Temat: Mundial 2010
Brawo Suárez
jako podstawowy zawodnik drużyny z szansami na króla strzelców trzeba bardzo dużo zimnej krwi, aby tak interweniowac. To jest klasa, jaką wykazał się Suárez, poświęcając się dla dobra drużyny i to wszystko w ostatnich sekundach dogrywki (to była "przemyślana reakcja", bo bez tego aktu rozpaczy piłka "siedzi" w bramce a to by oznaczało koniec całej operacji Afryka Południowa 2010 dla Urugwaju. Wielki człowiek, jakże się wyróżnający wśród innych wielkich egoistów tego turnieju.

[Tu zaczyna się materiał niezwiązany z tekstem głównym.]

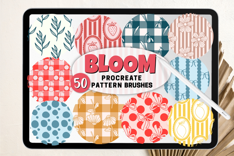 Bloom Procreate Pattern Brushes Floral Fruit Stripe Gingham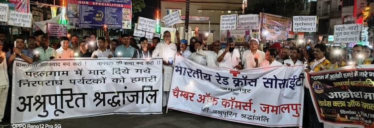 जमालपुर. पहलगाम आतंकी हमला को लेकर विरोध प्रदर्शन थमने का नाम नहीं ले रही है. भारतीय रेडक्रॉस सोसाइटी व चैंबर ऑफ कॉमर्स जमालपुर की ओर से रविवार को संयुक्त रूप से तो अंजुमन इत्तेहादे मिल्लत ने कैंडल मार्च निकाल कर आतंकी हमले में मृत पर्यटकों को श्रद्धांजलि दी. साथ ही आतंकवाद और पाकिस्तान के खिलाफ जमकर नारेबाजी कर अपना विरोध दर्ज कराया.कैंडल मार्च निकाल पाकिस्तान मुर्दाबाद के लगाये नारे
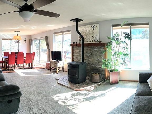 Fantastic views are the first thing you will notice at this tastefully remodeled cabin on the sunny side of Pine Mountain Club! You will then we wowed by the brand new flooring, new updated light fixtures and ceiling fans, fresh paint, and so much more! The living room features expansive windows to enjoy views of the soaring mountain peaks and the golf course and there are oversized sliding glass doors leading to the large deck perfect for entertaining or extending your living space. The living room features a stacked stone hearth with a gorgeous wood mantle and efficient pellet stove. The dining room is adjacent to the living area and comfortably seats six. The kitchen has brand new flooring, brand new stainless steel gas range/stove, stainless refrigerator, farm sink, quartz counters, a new pantry with a one of a kind antique door which oozes rustic charm. You will also find a brand new half bathroom ideal for guests and an efficient laundry area with an included washer and dryer. The master bedroom is spacious and features a huge walk in closet and a newly remodeled ensuite bathroom. Head outside and you will find a workshop with electrical power, a newly enclosed carport, level lot with a circular driveway and tons of parking room, a large backyard area complete with a horseshoe pit. This home has everything you need for a vacation home or full time living. Most furniture may also be included! Schedule a showing today!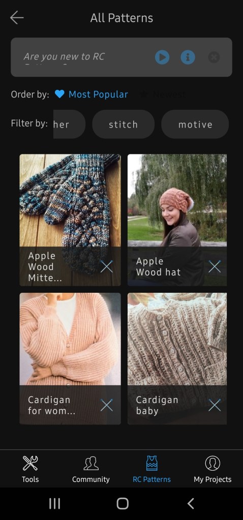 In this app when you open it, it has tools, community, RC Patterns, and my projects category at the bottom. When I first open it to the tools section. It will show you a bunch of helpful things to get started on your first project. I personally really like the Glossary where it gives you all the abbreviations and what it means.

Komentarz do wczorajszych spotkań
Holandia-Brazylia 2:1
Wczoraj chyba "odrodziła" się piłka nożna, po dwóch fantastycznych spotkaniach, oby tak dalej, kunktatorstwo i myśl o następnym spotkaniu, które również miało byc formalnością oraz niedocenienie przeciwnika, który dotąd w zasadzie nie grał, zostały surowo ukarane, co w przypadku Brazylii nie powinno dziwic. Holenderskie bramki w zasadzie z niczego, ale miały swoją wymierną wagę. Rewanż bardzo udany. Van Pierse pogodzony z trenerem, co może wyjśc tylko na dobre drużynie i nam kibicom. Wielkie brawa!
Urugwaj-Ghana 1:1 (1:1, 0:1) 4:2 po karnych. Niesamowity Suárez (patrz moja opinia wyżej) i nie dziwię się, że się cieszył, bo jego wykroczenie nie mialo dla drużyny konsekwencji, a całą "winę" wziął na siebie. Mecz z pewnością lepszy od poprzedniego. Ghana zasłużyła na wyróżnienie, Asamoah Dye po dwóch udanych trafieniach z karnego, wykorzystał swoją szansę w konkursie karnych, więc ten przestrzelony (jakże miło bramkarz Urusów podziękował poprzeczce) to wypadek przy pracy, ale żal było płaczących Ghańczyków, natomiast Urugwajczycy cieszyli się, jakby już zdobyli mistrza, ale trudno się dziwic po 40 latach posuchy. Tutaj może byc nawet medal, bo im zależec będzie nawet na brązie, pardon, posrebrzonym medalu, bo takiego w kolekcji jeszcze nie mają, a swoje szanse na niego przgrał w 1954 z Austrią 1:3 i 1970 z Niemcami 0:1.
Mecze dzisiejsze
Niemcy-Argentyna - mam nadzieję, że Messi, na ktorego głównie grają, nie uregulował jeszcze celowników. Czy zagra Podolski, tego jeszcze nie wiem, decyzja miała byc podjęta wczoraj, jeszcze nie zdążyłem się z nią zapoznac. Liczę, że Niemcy wyjdą obronną ręką w regularnym czasie gry. Oj, będzie się działo, a niesforna małpka Maradonna będzie znowu odstawiała "szoł"
Paragwaj-Hiszpania - już pal sześc ta Larissa, ale Paragwajczycy mogą osiągnąc historyczny sukces dochodząc po raz pierwszy w historii swoich występów na MŚ do półfinału. Hiszpania marnuje zbyt dużo okazji, a Torres nie za bardzo wie, gdzie jego miejsce na boisku. Czy Villa go i tym razem wyręczy? Tutaj mogą zadecydowac karne na korzyśc... Paragwajczyków!